This column is supposed to be about Ireland and the EU so I may be taking a liberty in writing about the Euro 2020 soccer tournament currently taking place across Europe. As you probably know, Ireland didn’t qualify and lots of teams that did qualify are not even in the EU. Apologies if I am straying beyond my remit. Soccer has always been my sport having played junior soccer for many years and coaching adult teams and kids’ teams. I should therefore be more excited by the Euros. Soccer is in my family on my father’s side for generations. The recent growth of Gaelic games in Dublin coincided with the availability of decent jobs in the capital for people from all over Ireland in the 1990s who would otherwise have had to emigrate.

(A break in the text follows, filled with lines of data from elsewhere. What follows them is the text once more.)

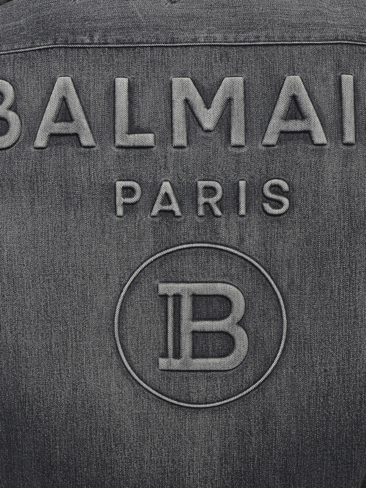 Camicia in denim con chiusura con bottoni automatici logati, due tasche con bottoni e frange al fondo.
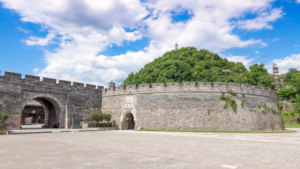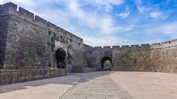 长城依着清山蜿蜒而进,全长6000多米,现存5000米。东起揽胜门, 沿北固山山脊逶迤至烟霞阁,于山岩陡峭间直抵灵江东 岸,延伸至巾山西麓,依山就势,俯视大江,矫若巨龙,雄伟 壮观,尤以北部最峻,与北京八达岭长城形神俱肖,人称 “江南八达岭”。
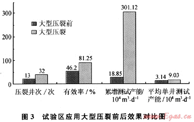 該氣藏通過(guò)大型壓裂,獲得了顯著的增產(chǎn)效果及較高的開(kāi)采效益,圖3是該氣藏應(yīng)用大型壓裂前后效果對(duì)比圖。
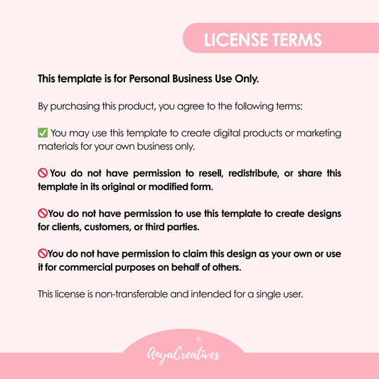 All designs are original and Β© AnyaCreatives. These templates are for personal and small business use only. Reselling, redistributing, or claiming the designs as your own is strictly prohibited.π Have questions? Feel free to message meβIβd be happy to help! π
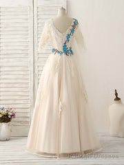 Unique Lace Applique Tulle Long Prom Dress Light Champagne Bridesmaid Dress
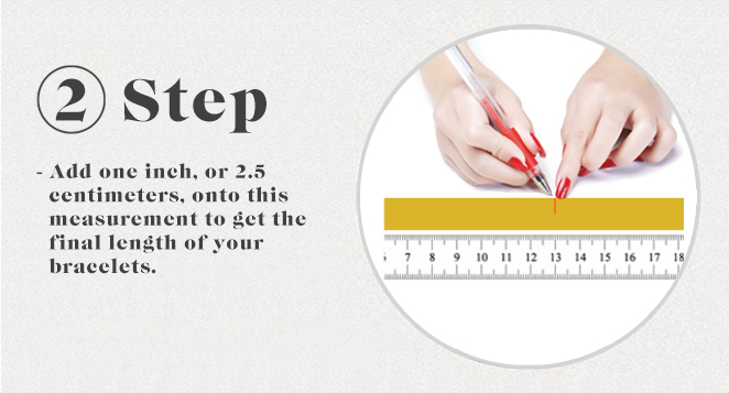 Just wrap the soft tape measure around the broadest part of your wrist and take note of the length. If you are using a plain strip of paper, mark your size with a pen or pencil then use a ruler to measure the length (The starting end of the paper must be at the base of the ruler and marked 0). That would be your wrist size.

They brought their passion for Gaelic football and hurling with them. Some of you will know that my grandfather was Todd Andrews who was part of the revolutionary generation 100 years ago and went on to run Bord an Mona and CIE. Less well known was his younger brother Paddy Andrews. Paddy was a ‘Corinthian’ of the old style excelling in discus, shot-putt, tennis, Gaelic football and athletics.
But he was best known as a soccer player captaining Bohemians FC in the 1930s. He also earned one cap for Ireland in a match in 1935 against the Netherlands. We lost 5-3. On neither side of my family is there any tradition of participating in Gaelic games. My grandfather was quite dismissive of Gaelic football which he considered a primitive game, the rudiments of which he described as catching, kicking and fighting. My father David, was a decent player and was part of the first UCG team to win the Collingwood Cup in 1955. In later years he was involved with UCD soccer club, going on the famous trip to China in 1976 (curtailed due to the death of Chairman Mao) and welcoming the FAI Cup winning team to Leinster House in 1984 (picture attached). I still love the game although diving and feigning injuries totally switches me off. It’s the one apsect of the game that I cannot abide and is particularly prevalent in soccer. I think I can trace my disillusionment back to the Euros in 2004 and to one player in particular; Deco from Portugal. He was the Neymar of his day, rolling around like he’d been shot. That summer I had the good fortune to be at the Munster hurling final between Waterford and Cork in Thurles. Far from being a primitive game, the skill level and passion for the jersey was unreal (as they say in Waterford). Aficionados will remember the game for John Mullane’s red card and his emotional ‘I love me county’ interview afterwards. My best memory of that game was Ken McGrath’s fielding of a high ball in the last minute drawing a match-winning free. It was an antidote to the cynicism of the brand of soccer being played at that time at the highest level. The 2020 Euros so far have been pretty good. The new style of playing the ball out from the back is a far cry from the (primitive) long ball game of yesteryear. And nothing gives me greater pleasure than to see players getting yellow cards for blatant dives or dissimulation.
Finally, we can’t proceed without mentioning ‘taking the knee’. Of course, there will come a time when it no longer has any impact. I don’t believe we are there yet and that Hungarian fans booing the Irish soccer team for doing so is a disgrace. This is particularly so as Ireland is now fielding a number of first and second generation players of African extraction.
I know that my granduncle Paddy Andrews would have been delighted to see the game he loved contributing to the integration of new communities in Ireland.